System Calls (Linux/Unix Kernel)

System Calls
In simple words, it is a call from the user application to the Operating System to do some work for it.

Why do we need a System Call?
A very common example is reading a document from the hard disk.
To read the document from the scsi disk, you must know about the hardware details of disk. You need to program its controller so that you can pass scsi read command to it and tell the controller that you want to read a specific block. You must know the device specific protocol  (like scsi) so that you can talk to the disk. Overall it will be a nightmare for the user to do a simple read/write from the disk.
Solution is let the operating system (linux/unix/windows) do it for you. All operating systems have a driver code for any hardware device (disk, mouse, keyboard, memory, ethernet card etc) attached to the system. The driver code knows how to talk to the hardware devices.
So, application/user can simply make a call to the system saying “Hey ! can you please do this for me”.

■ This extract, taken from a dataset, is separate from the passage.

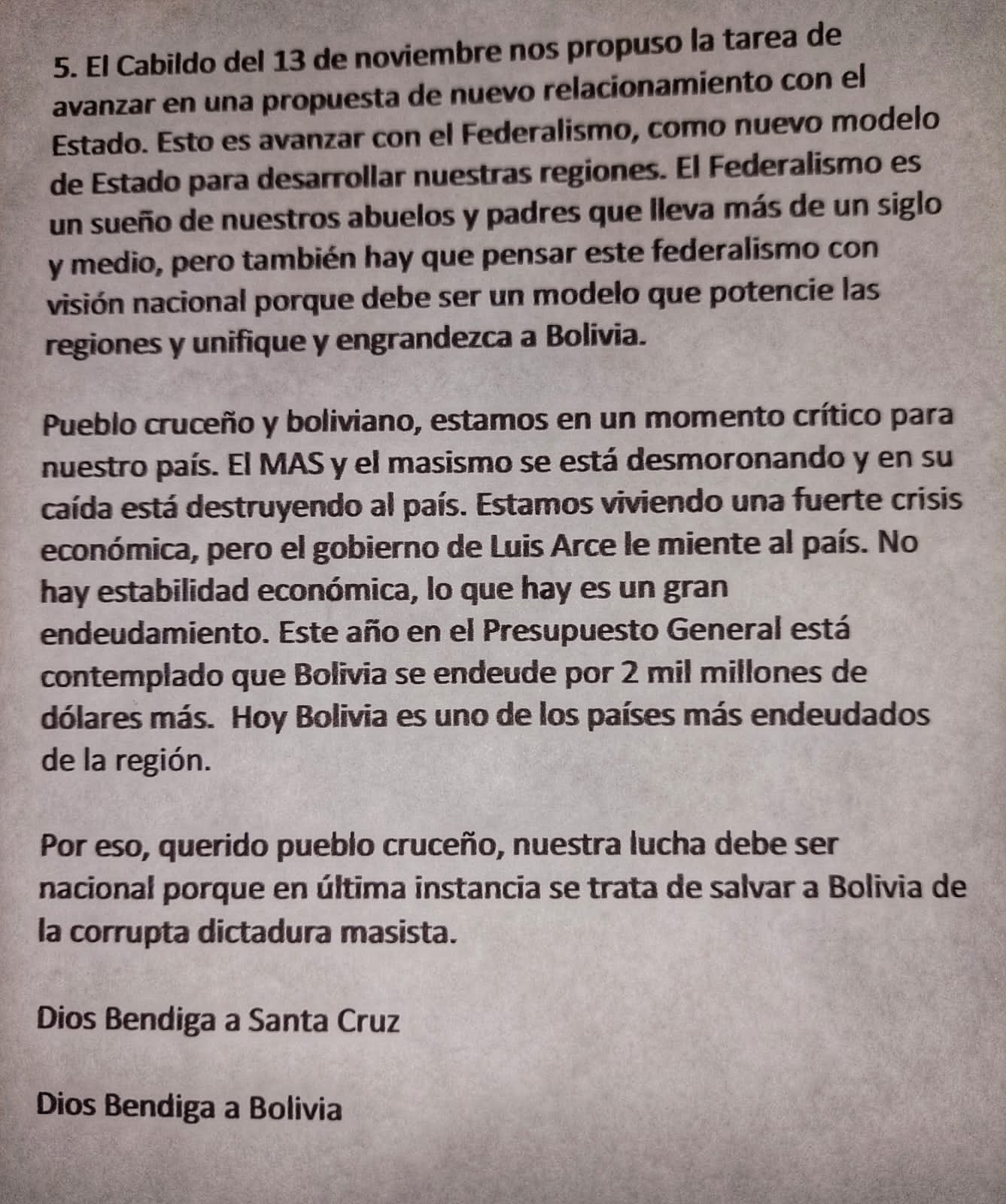 Por eso, querido pueblo cruceño, nuestra lucha debe ser nacional porque en última instancia se trata de salvar a Bolivia de la corrupta dictadura masista.

How to make a System Call ?
Unix/Linux systems include various standard libraries that provide various APIs to the users. These APIs are defined by the POSIX standard. The advantage of using these standard APIs is that these are available on all unix systems which makes the application portable.
These APIs in turn call the platform specific system calls. These systems calls are generally a part of standard C library libc and are typically written in Assembly language. These are highly system dependent (both OS and processor specific).
A user program can make a system-call directly but it is not advisable to do so as these system calls may vary from system to system. There’s no guarantee that a system call present on one system (say HP-UX) will also be present on a different system (say Solaris). But, the APIs defined by POSIX are guaranteed to be present on all POSIX compliant systems.

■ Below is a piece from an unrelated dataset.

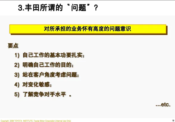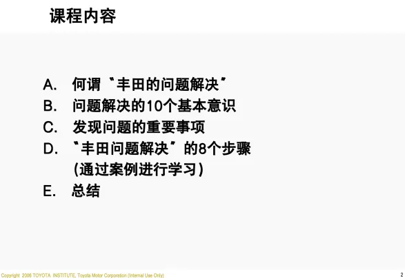 今天分享是网上获取到他是丰田培训用的资料:

Typically the flow is as follows:
Application ----> POSIX library APIs (fread) ----> System Call (read)

How System Call works
The purpose of system call is to transfer control from user application to operating system. User application cannot directly call kernel functions as the kernel has protected address space which is essential for system stability and security.
A processor provides certain instructions (like “int 0x80” on i386, “sc” on PowerpC) which are used to tarnsfer the control from user to kernel. When a user program execute these instructions, an exception is taken which changes the processor mode from user to kernel. The Program counter is changed so as to execute the exception handler at a specific location. The exception handler is nothing but the system call handler in kernel. This can then invoke appropriate driver code to interact with hardware.

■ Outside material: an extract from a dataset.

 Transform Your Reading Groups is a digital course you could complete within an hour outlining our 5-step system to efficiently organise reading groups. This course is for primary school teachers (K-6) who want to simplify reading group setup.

System Call Number and Arguments
Typically there are 100s of different system calls to do different kinds of tasks. All of them execute the same instruction (“int 0x80” on i386,  “sc” on PowerPC). So, user must tell the kernel that which system call is being made. This is done by assigning a unique number to each system call.
Every processor specify an Appilication Binary Interface (ABI) that describes the low level interface between and application and operating system. The ABI describes how the system call number and arguments etc should be passed to OS. They also define how the OS will tell the user if the system call was executed successfully or not. This is done typicallly by passing the error number in a specific register.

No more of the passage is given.